The recognizing may include recognizing the emotion using at least one of a video and a voice exchanged between the user and the counterpart.
The recognizing may include recognizing the emotion about at least one of the user and the counterpart from the call details.
The recognizing may include recognizing an emotion intensity for each section of the call, and the providing may include storing, as highlight content, call details of a specific section from which a specific emotion with a highest intensity is recognized among the entire sections of the call.
The providing may include providing the highlight content through an interface screen associated with the call.
The providing may include providing a function of sharing the highlight content with another user.
The emotion-based call content providing method may further include selecting a representative emotion based on at least one of an emotion type and an intensity of the recognized emotion and providing second content corresponding to the representative emotion.
The providing second the content corresponding to the representative emotion may include selecting a first emotion corresponding to a highest appearance frequency or a highest emotion intensity as the representative emotion, or summing values of emotion intensity for each emotion type and selecting a second emotion having a largest summed value as the representative emotion.
The providing second content corresponding to the representative emotion may include displaying an icon representing the representative emotion through an interface screen associated with the call.
The emotion-based call content providing method may further include calculating an emotion ranking for each counterpart by accumulating the recognized emotion therefor, and providing a counterpart list including identifications of counterparts and emotion rankings associated therewith.
The providing a counterpart list may include calculating the emotion ranking for each counterpart by summing values of an intensity of emotion corresponding to an emotion type among a plurality of emotions recognized with respect to the call.
The providing a counterpart list may include calculating the emotion ranking for each counterpart with respect to each emotion type and providing the counterpart list according to the emotion ranking of a specific emotion type selected based on a user request.
According to an example embodiment, a non-transitory computer-readable storage medium storing a computer program, when executed by a computer, to cause the computer to perform an emotion-based call content providing method.
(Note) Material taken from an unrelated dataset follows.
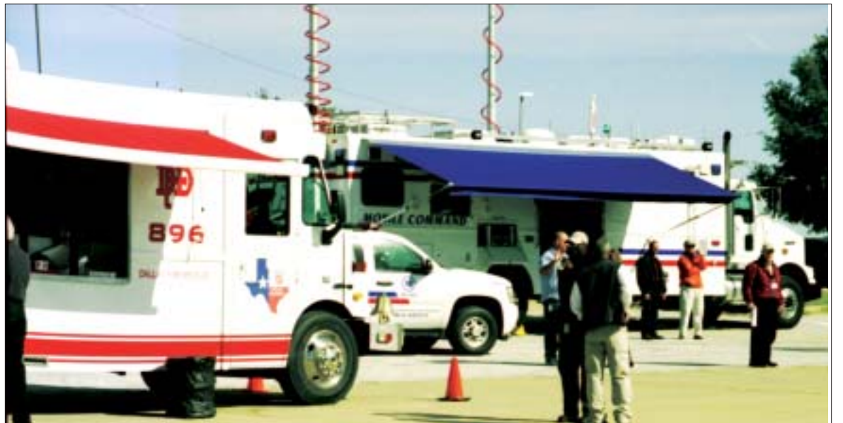
First responders and relief agencies from across north Texas test their ability to communicate effectively during a disaster.

The emotion-based call content providing method includes recognizing an emotion from call details during a call between a user and a counterpart, storing at least a portion of the call details, and providing the at least a portion of the call details as content related to the call based on the recognized emotion.
According to an example embodiment, a computer-implemented emotion-based call content providing system includes at least one processor configured to execute computer-readable instructions. The at least one processor is configured to recognize an emotion from call details during a call between a user and a counterpart, store at least a portion of the call details, and provide the at least a portion of the call details as content related to the call based on the recognized emotion.
According to some example embodiments, it is possible to recognize an emotion during a call in the call using an Internet telephone, that is, a voice over Internet protocol (VoIP), and to generate and use content related to the call based on the recognized emotion.
According to some example embodiments, it is possible to recognize an emotion during a call in the call using an Internet telephone, that is, a VoIP and to provide various user interfaces (UIs) or fun elements associated with the call based on the recognized emotions.

BRIEF DESCRIPTION OF DRAWINGS

FIG. 1 is a diagram illustrating an example of a computer system according to at least one example embodiment.

FIG. 2 is a diagram illustrating an example of components includable in a processor of a computer system according to at least one example embodiment.

FIG. 3 is a flowchart illustrating an example of an emotion-based call content providing method performed by a computer system according to at least one example embodiment.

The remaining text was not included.